From James Maurer, It Can Be Done (New York: The Rand School, 1938).
Learning to Read
Working beside me in the machine shop was a journeyman named Thomas King. I learned later that he was one of the original organizers of the Knights of Labor. He talked to me about justice and labor’s rights, of the need for workers to organize, of their solidarity at the ballot box, and other ideas new to me. They were subjects that I knew nothing about and cared less; he might as well have talked about trigonometry or the nebular hypothesis for all the impression he made on me at first. However, I pretended to be interested so as not to hurt his feelings, for outside what I thought were his foolish notions, he was a good fellow always ready to help me in my work.
One day he asked me if I would care to hear him make a speech. I really wasn’t interested in a speech by him or anybody else, but I agreed to go in order not to offend him. The meeting was held in the Junction House Park and several hundred attended. The next morning King asked me what I thought of his speech. Ashamed to admit that I hadn’t understood it I cheerfully lied, “Great!” He then gave me a small pamphlet with the remark, “Read that and tell me what you think of it.”

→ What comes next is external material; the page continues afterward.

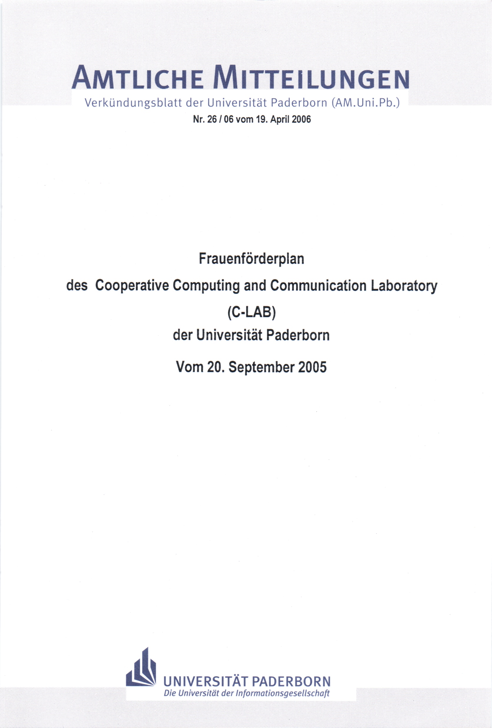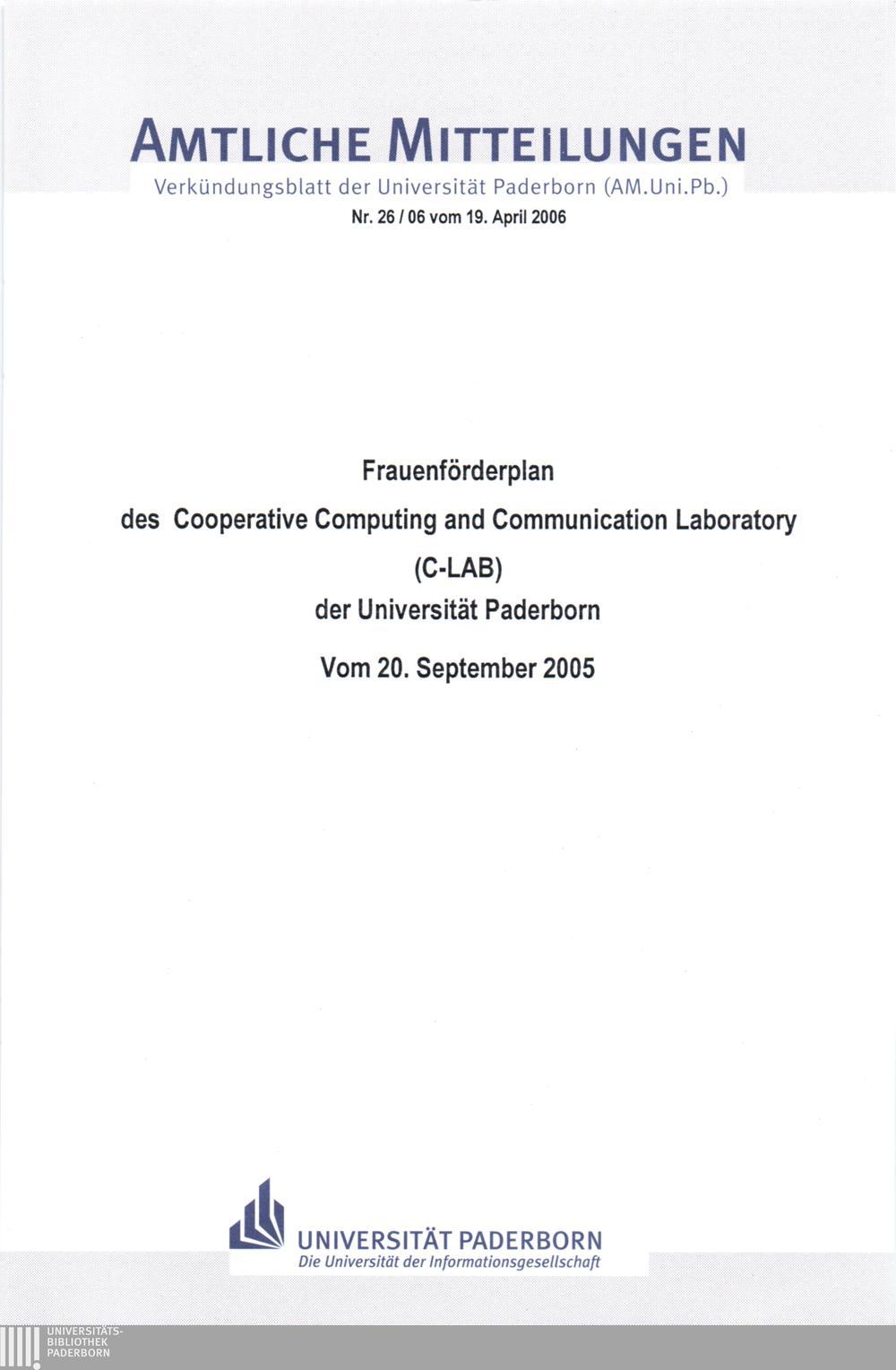 Frauenförderplan des Cooperative Computing and Communication Laboratory (C-LAB) der Universität Paderborn : (mit statistischem Anhang) ; vom 20. September 2005

It was the first time anyone had asked me for an opinion on something in print, and that night after supper I tackled the pamphlet, but try as I might I found the job too much for me. I could spell out the words but could pronounce only a few; and some were so big I suspected they belonged to another language. For over an hour I wrestled with the little pamphlet, determined to find out what it had to say, but finally had to acknowledge defeat. Mother’s prayer book lay on the table; I hurriedly opened it and tried to read it, but could not.
I was nearly sixteen, yet had no idea why anyone should learn to read. My vocabulary consisted of a few hundred simple words, fully half of which I pronounced wrong or with a Pennsylvania Dutch accent. That evening I had an awakening as sudden as it was violent. For the first time in my life it dawned on me why children were sent to school; schools weren’t penal institutions after all. I rushed to the front room to Mother, fairly screaming; “Why can’t I read!”
“Why, Jimmie!” she exclaimed. “What are you talking about?” I explained myself. “Well,” said Mother, “it’s like this, Jimmie. We always were poor and instead of going to school you had to go to work. And, besides, you never seemed to get anything out of school when you did go.”
Up to then no one had taken the trouble to explain the purpose of learning the alphabet or the multiplication table. I could recite the multiplication table by heart, but I hadn’t the slightest idea what use I was to make of it; it sounded like a poem without any sense. And I couldn’t understand why I should learn to spell “apple” or “horse” or “cat,” when I could say the words so much more quickly. That is the way I had reasoned out the scheme of education, and not even the educators had thought of setting me on the right track. It was a little labor pamphlet that switched me off the narrow path of illiteracy to the broad highway of knowledge and light.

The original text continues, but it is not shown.